## [Brief]
Your job here is to restate every record exactly, pictures excluded.

## [Records supplied]
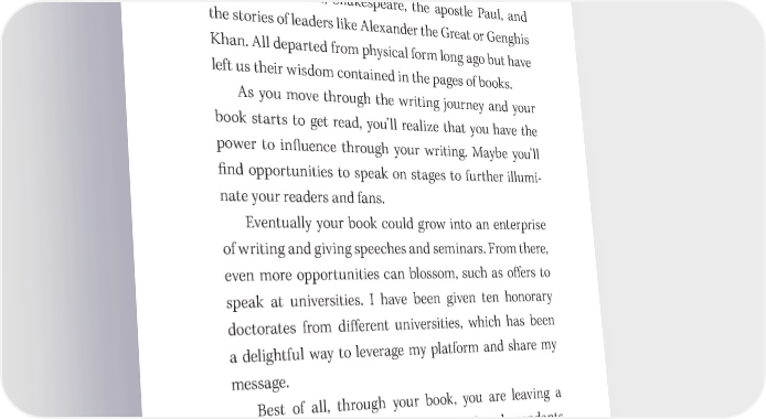 Preface 3 so remember to keep talking to them and also to keep a database. I am forever reading the brilliance of the ages, writ- ten hundreds and thousands of years ago—the works of Plato, Mark Twain, Shakespeare, the apostle Paul, and the stories of leaders like Alexander the Great or Genghis Khan. All departed from physical form long ago but have left us their wisdom contained in the pages of books. As you move through the writing journey and your book starts to get read, you’ll realize that you have the power to in昀氀uence through your writing. Maybe you’ll 昀椀nd opportunities to speak on stages to further illumi- nate your readers and fans. Eventually your book could grow into an enterprise of writing and giving speeches and seminars. From there, even more opportunities can blossom, such as o昀昀ers to speak at universities. I have been given ten honorary doctorates from di昀昀erent universities, which has been a delightful way to leverage my platform and share my message. Best of all, through your book, you are leaving a printed legacy that will last for all time. Your descendants into many generations will revel in reading their ances- tor’s work. 吀栀at’s an inspirational legacy worth leaving. Writing o昀昀ers more opportunity now than ever in history. Of the 7.8 billion people living on planet earth, approximately 4 billion are literate. My goal is to get every-
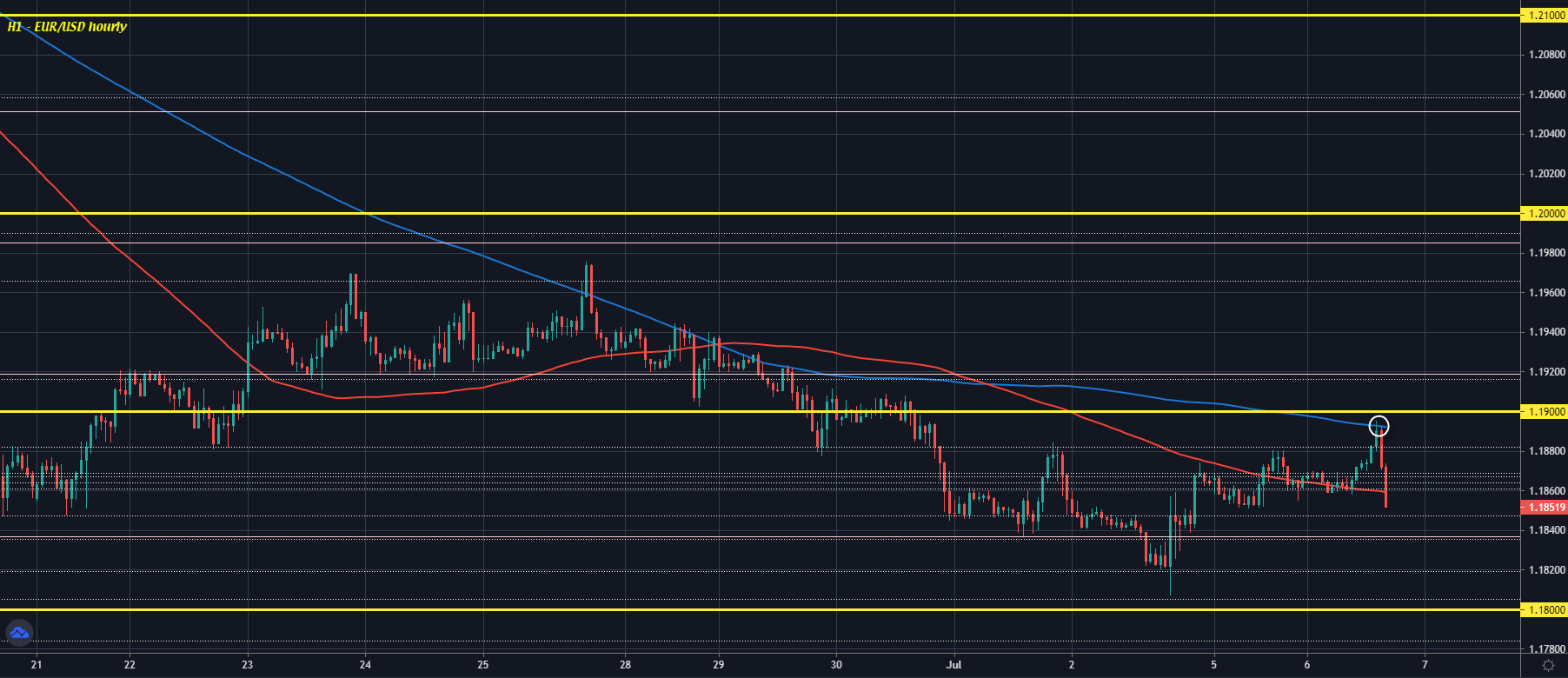 Of note, EUR/USD is being pushed to fresh lows of 1.1847 after having seen the earlier upside push rejected by the 200-hour moving average:
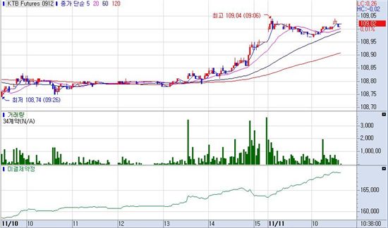 같은시간 국채선물은 전일대비 7틱 상승한 109.02를 기록하고 있다. 외국인이 1996계약을 순매수중이고 은행 또한 595계약 순매수하고 있다. 반면 증권이 1655계약 순매도로 대응중이다. 개인과 투신도 각각 519계약과 484계약을 순매도하고 있다.
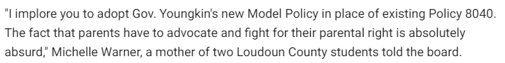 For the trans-affirming side, they quote a former teacher, a Loudoun resident, and one parent.
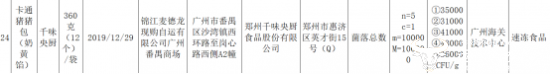 2020年6月5日,广州市政 府官网发布《广州市市场监督管理局2020年第13期食品安全监督抽检信息》,其中千味央厨的卡通猪猪包(奶黄包)菌落总数被检出不合格。

## [Completed task]
 Preface 3 so remember to keep talking to them and also to keep a database. I am forever reading the brilliance of the ages, writ- ten hundreds and thousands of years ago—the works of Plato, Mark Twain, Shakespeare, the apostle Paul, and the stories of leaders like Alexander the Great or Genghis Khan. All departed from physical form long ago but have left us their wisdom contained in the pages of books. As you move through the writing journey and your book starts to get read, you’ll realize that you have the power to in昀氀uence through your writing. Maybe you’ll 昀椀nd opportunities to speak on stages to further illumi- nate your readers and fans. Eventually your book could grow into an enterprise of writing and giving speeches and seminars. From there, even more opportunities can blossom, such as o昀昀ers to speak at universities. I have been given ten honorary doctorates from di昀昀erent universities, which has been a delightful way to leverage my platform and share my message. Best of all, through your book, you are leaving a printed legacy that will last for all time. Your descendants into many generations will revel in reading their ances- tor’s work. 吀栀at’s an inspirational legacy worth leaving. Writing o昀昀ers more opportunity now than ever in history. Of the 7.8 billion people living on planet earth, approximately 4 billion are literate. My goal is to get every-
 Of note, EUR/USD is being pushed to fresh lows of 1.1847 after having seen the earlier upside push rejected by the 200-hour moving average:
 같은시간 국채선물은 전일대비 7틱 상승한 109.02를 기록하고 있다. 외국인이 1996계약을 순매수중이고 은행 또한 595계약 순매수하고 있다. 반면 증권이 1655계약 순매도로 대응중이다. 개인과 투신도 각각 519계약과 484계약을 순매도하고 있다.
 For the trans-affirming side, they quote a former teacher, a Loudoun resident, and one parent.
 2020年6月5日,广州市政 府官网发布《广州市市场监督管理局2020年第13期食品安全监督抽检信息》,其中千味央厨的卡通猪猪包(奶黄包)菌落总数被检出不合格。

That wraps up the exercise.